- Developer: Bird Bath Games
- Publisher: Raw Fury
- Designer: Danny Wynne
- Programmer: Danny Wynne
- Artist: Toby Dixon
- Writers: Brian Flynn; Drew Hunter; Ben Deeb; Graham Towers;
- Composer: Joonas Turner
- Engine: Unity
- Platforms: Windows; PlayStation 4; Nintendo Switch; Xbox One;
- Release: May 28, 2020
- Genres: Bullet hell, farm life sim, roguelike
- Mode: Single-player

= Atomicrops =

2020 video game

Atomicrops is a 2020 roguelike bullet hell farm life simulation game developed by Bird Bath Games and published by Raw Fury for Windows, PlayStation 4, Nintendo Switch and Xbox One. Set during the aftermath of a nuclear fallout, the game sees players tending to a farm, exploring the environment to find upgrades, while tending with hordes of enemies threatening themselves and their crops.

== Gameplay ==
Atomicrops is a roguelike bullet hell farming sim. Runs are divided into four seasons, with three days per season. Players begin each day on their farm plot where they are able to sow, water, and fertilize crops, which are harvested for money. Larger, more valuable crops can be made through planting four identical crops in a square shape and fertilizing them. Players can leave the farm for surrounding areas to fight enemies and collect upgrades that improve their farming and combat capabilities. These include farm animals that perform farming actions and scrolls that do the same en masse. There are also numerous passive items such as one that slows time when weeds are cut. To progress to additional areas, players need to purchase bridges. Once night begins, waves of enemies start to appear on the player's farm, at which point they will need to defend themselves and their crops. Players can fire their weapon and perform farming actions simultaneously.

At dawn, a helicopter retrieves the player, bringing them to a shop area where they can purchase items and weapons using their money. One variety consists of pickaxes, which are used to create more tiles the player can plant on. Players are also able to flirt with potential spouses using roses they've grown, granting additional items.
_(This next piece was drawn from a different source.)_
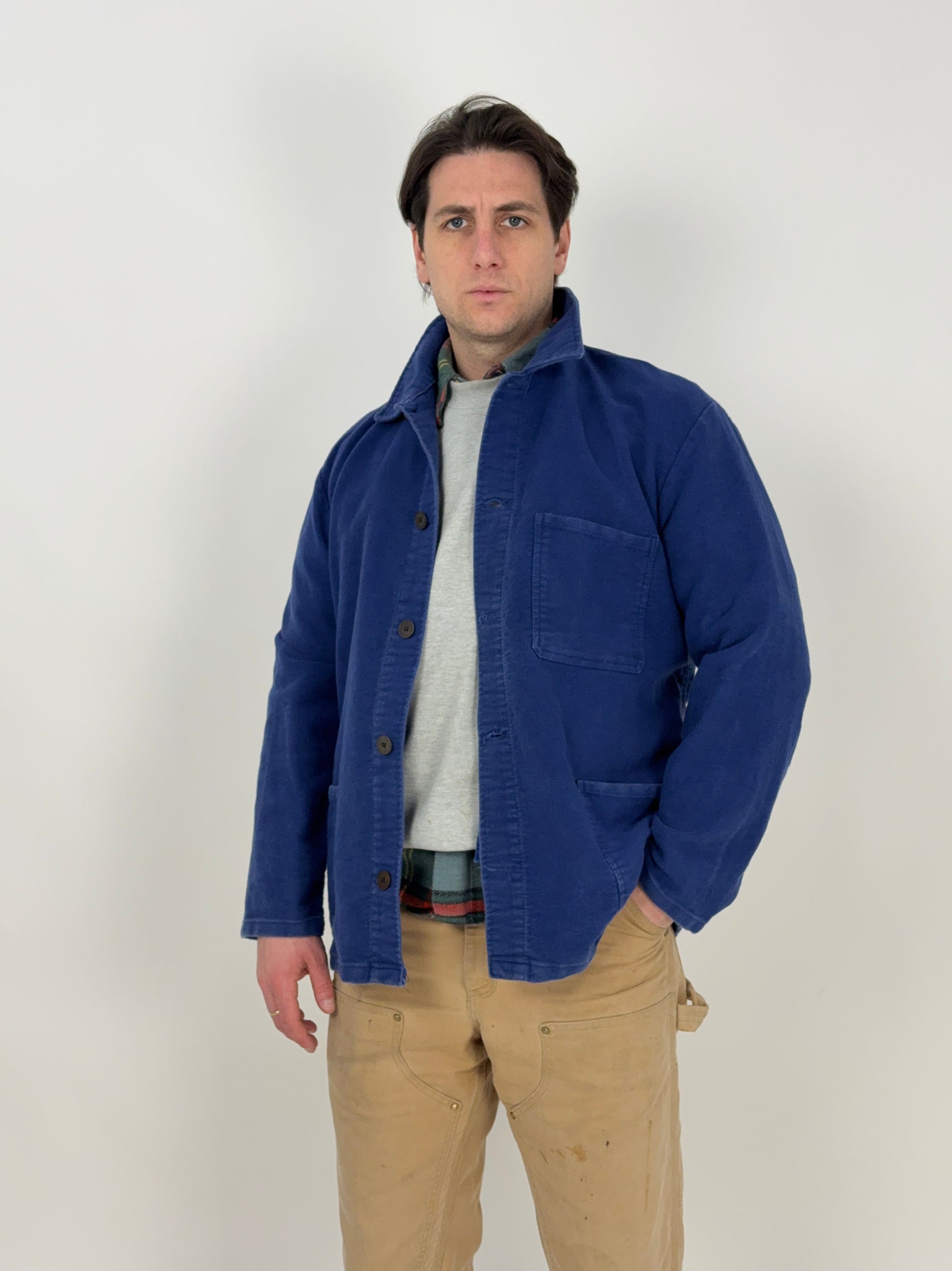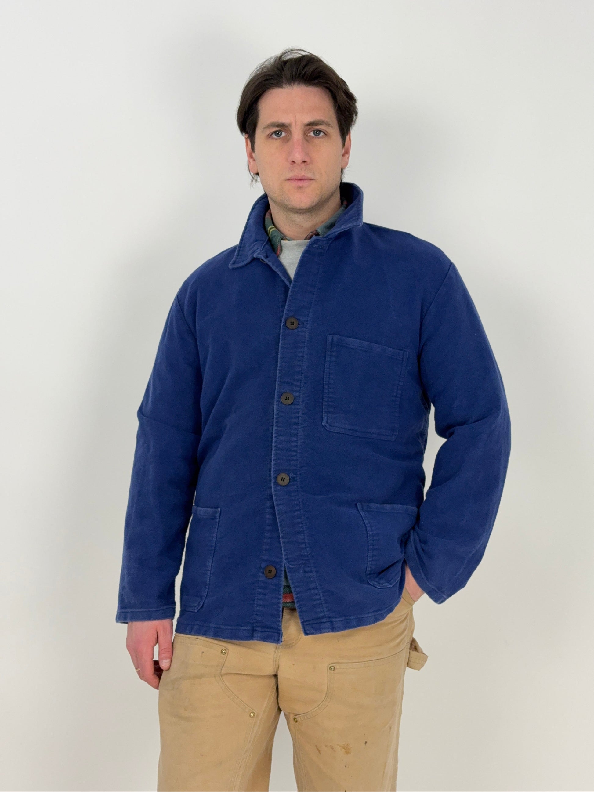 Giacca da lavoro in cotone pesante, espressione autentica del workwear italiano. Tessuto esterno a trama fitta garantisce robustezza senza rigidità, mentre l'interno in cotone garzato assicura calore e traspirabilità per lunghe giornate di utilizzo. Il blu de travail profondo sviluppa naturalmente variazioni tonali attraverso l'usura reale e i lavaggi, creando una patina genuina nel tempo. Taglio dritto funzionale, abbottonatura frontale e tre tasche pratiche. Costruita per proteggere, resistere e invecchiare con dignità, rappresenta la qualità costruttiva della tradizione artigianale italiana.

If the player spends enough roses on a particular character, that spouse will join them on the farm with their own set of abilities. Roses can additionally be spent on healing. Exiting the shop area returns the player to the farm to start the next day.
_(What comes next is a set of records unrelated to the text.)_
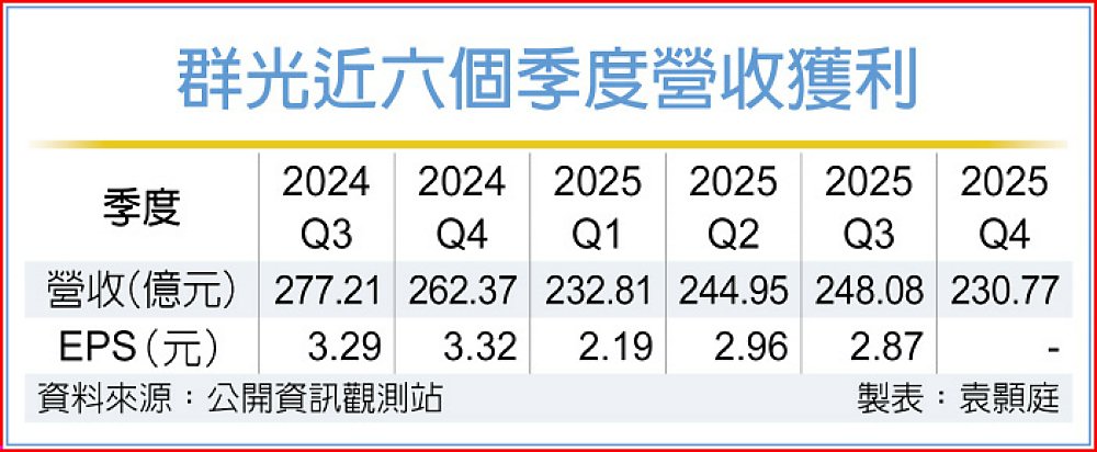 群光2025年合併營收956.60億元,年減5.7%。展望2026年,法人預期,群光旗下鍵盤、影像、電源三大事業都將有高個位數的成長,全年合併營收可望重返千億元大關。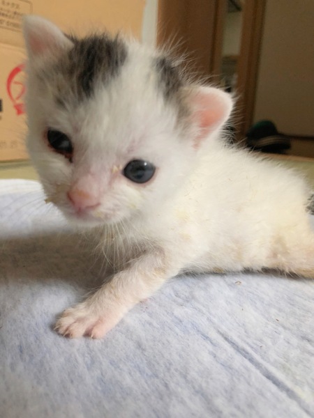 | 特徴(性格など) | 白黒ブチ模様が可愛い忠信くんです 生まれてすぐに保護したからか 甘えん坊で寝ていても人の気配を察知して ハイハイ歩きしながら寄ってきます |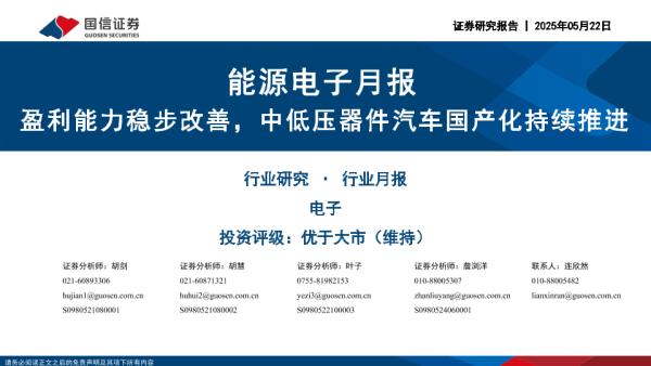 【国信证券】【20250522】能源电子行业月报:盈利能力稳步改善,中低压器件汽车国产化持续推进-26页 行业研究

Every third night sees a boss appear on the player's farm in addition to the enemy waves. After surviving one of these fights, the next time the player returns to the shop area, their crop performance is evaluated by the mayor. The amount of money the player made that season determines the amount of items they will be gifted.
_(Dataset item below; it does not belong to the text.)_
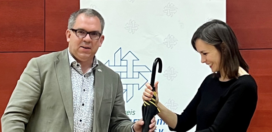 Frau Prof. Costas betonte auch, dass viele der Veränderungen, die die "neue" Arbeitswelt derzeit erfährt, eben nicht neu sind. Vieles davon hätte seine Ursprünge in Japan schon vor Jahrzehnten. "Empowerment", arbeiten in Projektteams, das Ausleben von Interessen seitens der Mitarbeiter, Wohlfühlangebote des Arbeitgebers wie z.B. Yoga am Arbeitsplatz, gemeinsamer Marathonlauf, Kickertisch im Büro, lockerer Kleidungsstil, duzen statt siezen etc. - alles das wäre gar nicht so neu. Was verstärkt in Deutschland seitens der Arbeitnehmer aktuell nachgefragt wird, sind oftmals eine 4-Tage-Woche und Arbeiten von zuhause aus (Home Office). Letzteres hätte insbesondere die Corona-Pandemie intensiviert. Fazit der Ausführungen war: 1. Die Arbeitsstelle/der Arbeitsplatz wird immer mehr zum Selbstverwirklichungsort des Arbeitnehmers. 2. In einer erfolgreichen Arbeitswelt braucht es mehr Freiräume für den Arbeitnehmer und weniger Bürokratie und Hierarchie, die die Kreativität am Arbeitsplatz ersticken. 3. Konstruktive Kritik am Arbeitgeber, am eigenen Unternehmen ist der Motor für interne Veränderungen. Wie jede(r) Referent(in) beim Aktionskreis erhielt auch Frau Prof. Costas aus den Händen des Vorsitzenden Tobias Kurzmaier das traditionelle Gastgeschenk, den AKWPW-Regenschirm.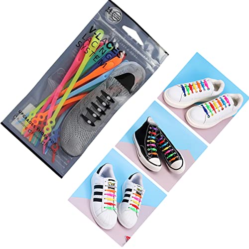 Lacci pigri in silicone La terza generazione di lacci in silicone a doppio foro 14 pezzi senza legare lacci delle scarpe per adulti, Mix, Medium

The process of going back and forth between the farm and the shop area along with a boss fight every third night repeats across all four main seasons. If the player dies at any point, then their run is over and they are forced to start from the first season again. Should they survive, then they will arrive at a single-day fifth season with the final boss. Defeating the final boss ends the run and unlocks a new difficulty tier for players to access. Players can also purchase upgrades that persist between runs after meeting ant characters. Additional playable characters can also be unlocked for the player to use in future runs.

== Development ==
Atomicrops was developed by Bird Bath Games and published by Raw Fury. The game was programmed by Danny Wynne and the art was created by Toby Dixon. The farming elements of the game were inspired by Stardew Valley and the bullet hell roguelike aspects were motivated by games like Enter the Gungeon and Nuclear Throne. Atomicrops uses Unity as its engine. The game was released on Windows, Nintendo Switch, PlayStation 4, and Xbox One on May 28, 2020.

== Reception ==
Atomicrops received a score of 78/100 on review aggregator website Metacritic. Fellow review aggregator OpenCritic assessed that the game received strong approval, being recommended by 69% of critics. Rock Paper Shotgun felt the farming life sim elements were lackluster compared to the strong bullet hell attributes. However, the combination of farming and shooting created engaging instances of multitasking. In addition, while the difficulty was high at first, they felt that mastering the game with fewer permanent upgrades than other roguelikes made the game feel distinct. Eurogamer believed that the launch version alleviated their main concern of unforgiving health management and would now recommend the game. IGN found the game to be less relaxing and accessible than other farming sims or roguelikes, respectively. They still recommended the game for players interested in a combination of Stardew Valley and Enter the Gungeon.